Joaquin kicked the air conditioning once more as he passed the window, finally deciding it wasn’t worth trying to fix again. Screaming rose through it from the street; the kids from the basement apartment were back from school. How could they rush around like that in this bloody furnace?
He started at his tepid beer, flattening in the heat. He was too lethargic to shift himself to the icebox for another. He listened to the couple next door fighting again. ” Cállate, coño, imbécil de mierda!” ” Y tu madre, pendejo!” The crashing and shouting had been going on all afternoon. People were animals. Another thud came through the wall followed by a whimper and a door slam. He turned on the radio. A talk show; gimme a break.
“Yes people, it’s a hot, hot afternoon all over the Tri-state area, and just a cool 102 degrees here in Midtown. You’re listening to “Strictly Personal” with Craig Overcash on your favorite radio station. And before we cut for a little break we have Mrs. Marjorie Wilson on the line right now, who wants to tell us about her husband’s embarrassing habit … ”
He picked up the paper, now several days old. More scandal. “Gays in Panic” – “AIDS corpses disposed of by Army”. It was mass hysteria. At this stage, funeral parlours wouldn’t take in the stiffs. The mariconcitos were losing their jobs – even having problems getting their clothes pressed. It was the only topic everywhere you went, for God’s sake, Joaquin was just about fed up with it. Why didn’t they just get out of everybody’s faces and go off to some desert island, or something.
“Okay, Marjorie, so this is difficult to relate to, but didn’t you realize your husband had this problem before your marriage?”
“Well, Craig, you know … ”
“Well, you know, Marjorie, fuck that.” snapped Joaquin, switching it off. But that didn’t do much good since that madwoman Señora Carmen downstairs was listening to the Puerto Rican station. It was pretty disgusting, this place. Junkies and weirdos, he was sorry he ever answered the ad for the sublet in the first place. But it was cheap. He’d just better get some work soon, he thought, turning his radio dial viciously. At last, he found Aerosmith on some other station and turned it up full blast to drown out the blaring bugles and advertisements in bad Spanish. He walked over to the icebox, confronted along the way by the flies dining on leftover pizza lunch.
Abruptly, he jerked back and turned off the music as the sound of the phone screeched through the room. The phone. That stupid Mexican woman from the Consulate reception last night, maybe.

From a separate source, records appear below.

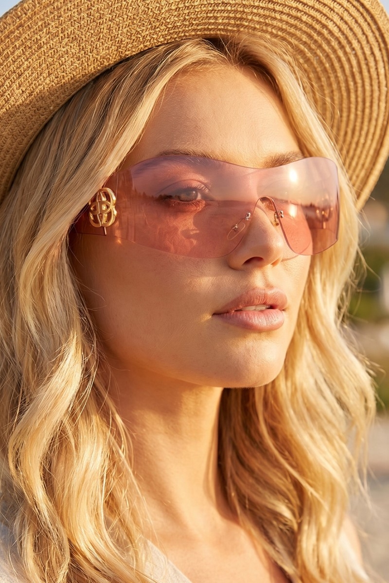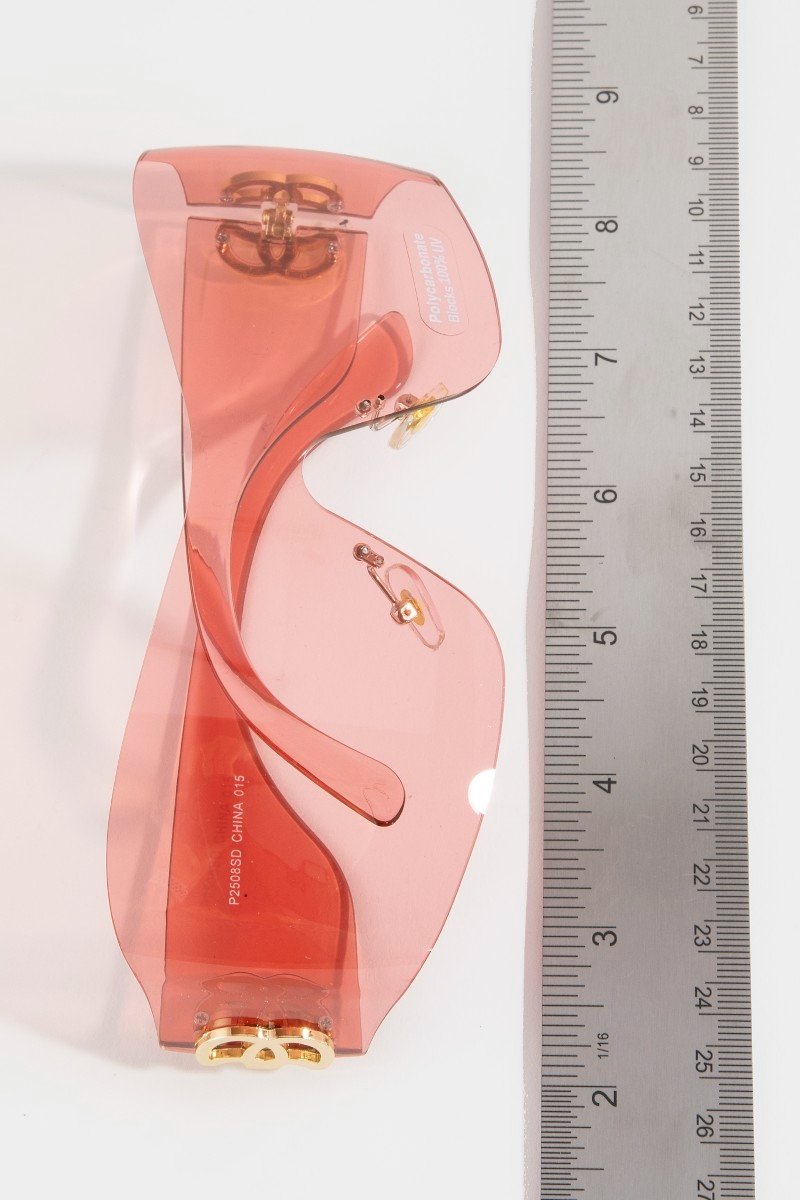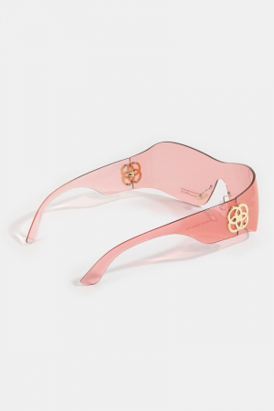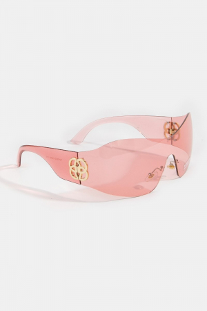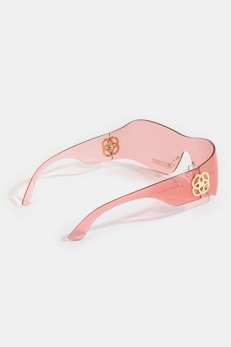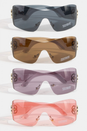 - This set of sunglasses brings a luxurious wrap shield sunglasses with side logo accent style. Delight in the nuanced details that make this set of sunglasses a testament to fine design and impeccable taste.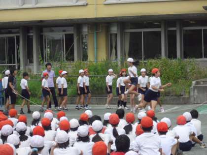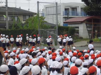 9月9日(木)に「体育朝会」が行われました。各学級で自分たちのめあてを決め、長縄に挑戦しました。6年生の模範演技をみた後、全員元気よく跳ぶことができました。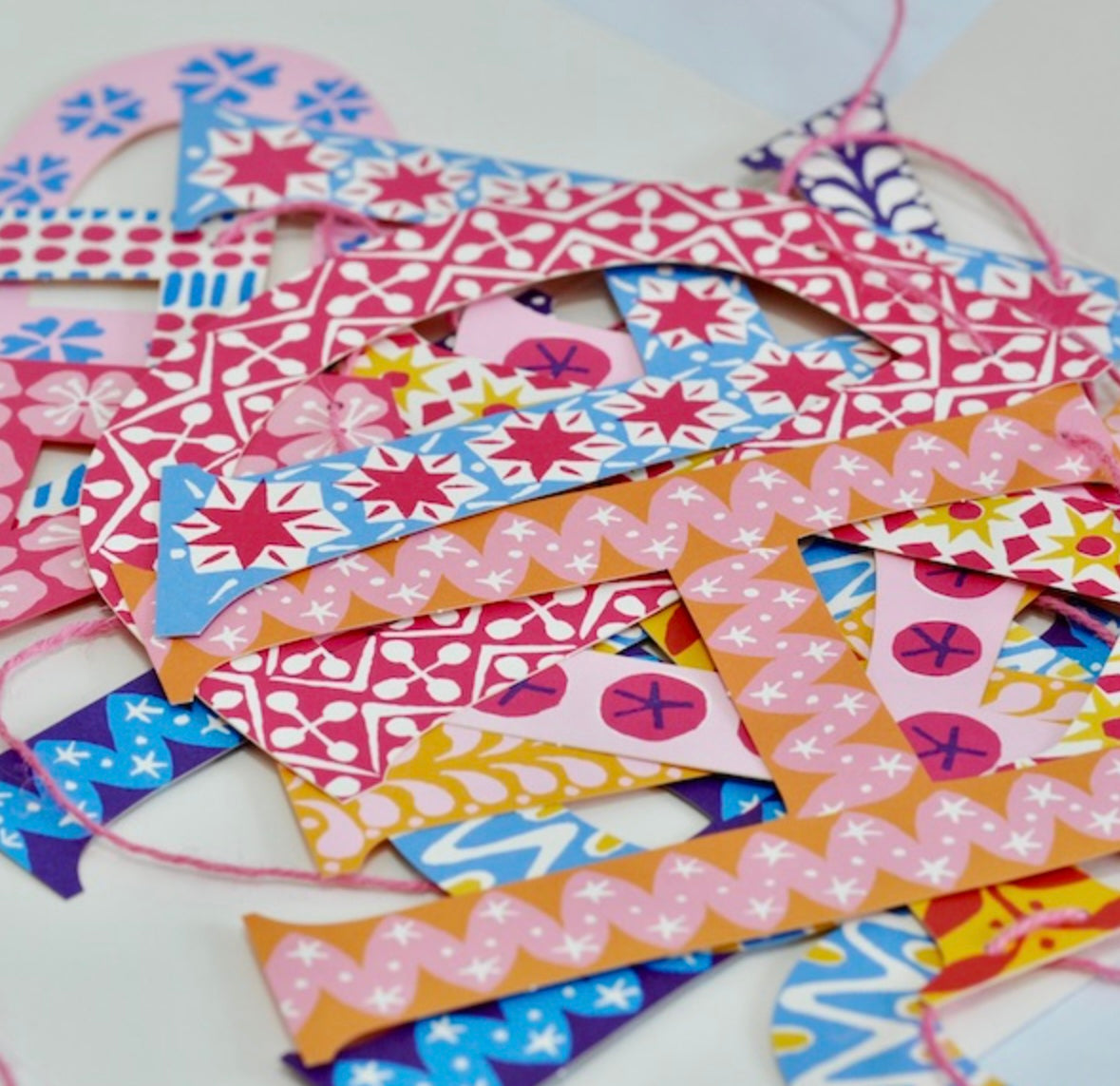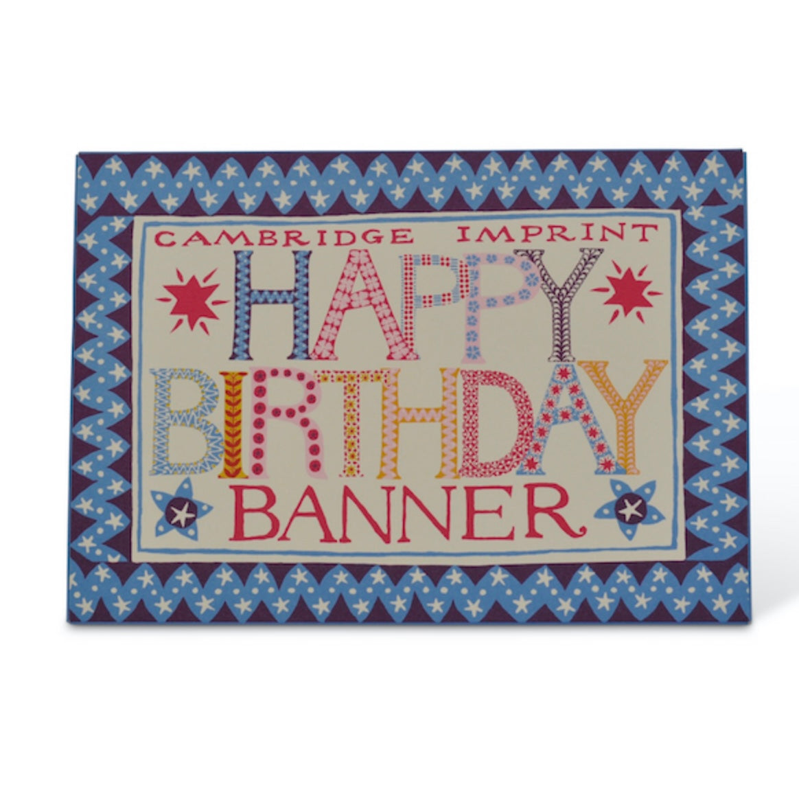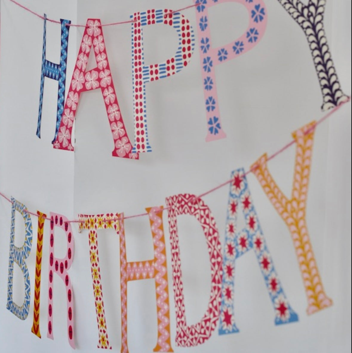 Thirteen large double-sided patterned card letters which spell out HAPPY BIRTHDAY. The letters are in assorted colours and designs, all with a strong folk art aesthetic, contained in a self-closing card wallet for long term storage. String together on yarn or ribbon of your choice. The letters are a generous 7.25” tall and the garland makes a dramatic decorative feature. Makes approximately 6-9 feet of garland, depending on how closely the letters are strung together. Thread is not included. Made in England from 300 gsm matte, uncoated responsibly sourced card, printed with vegetable oil-based ink in hand-mixed colours. There is no glue, plastic or metal in the banner itself or its packaging: the entire product is fully biodegradable and recyclable.

“Hello? Ah, Señora, how nice to hear from you. Yes, how are you. Yes, of course I remember. Oh sure. Sounds fantastic, I’d love to talk about it. I did that kind of stuff when I worked in Milano – high quality pannelling, finishing – that kind of thing. I even have some pictures of what I’ve done, I’ll bring my portfolio. Yes, I can make that, okay – see you then …”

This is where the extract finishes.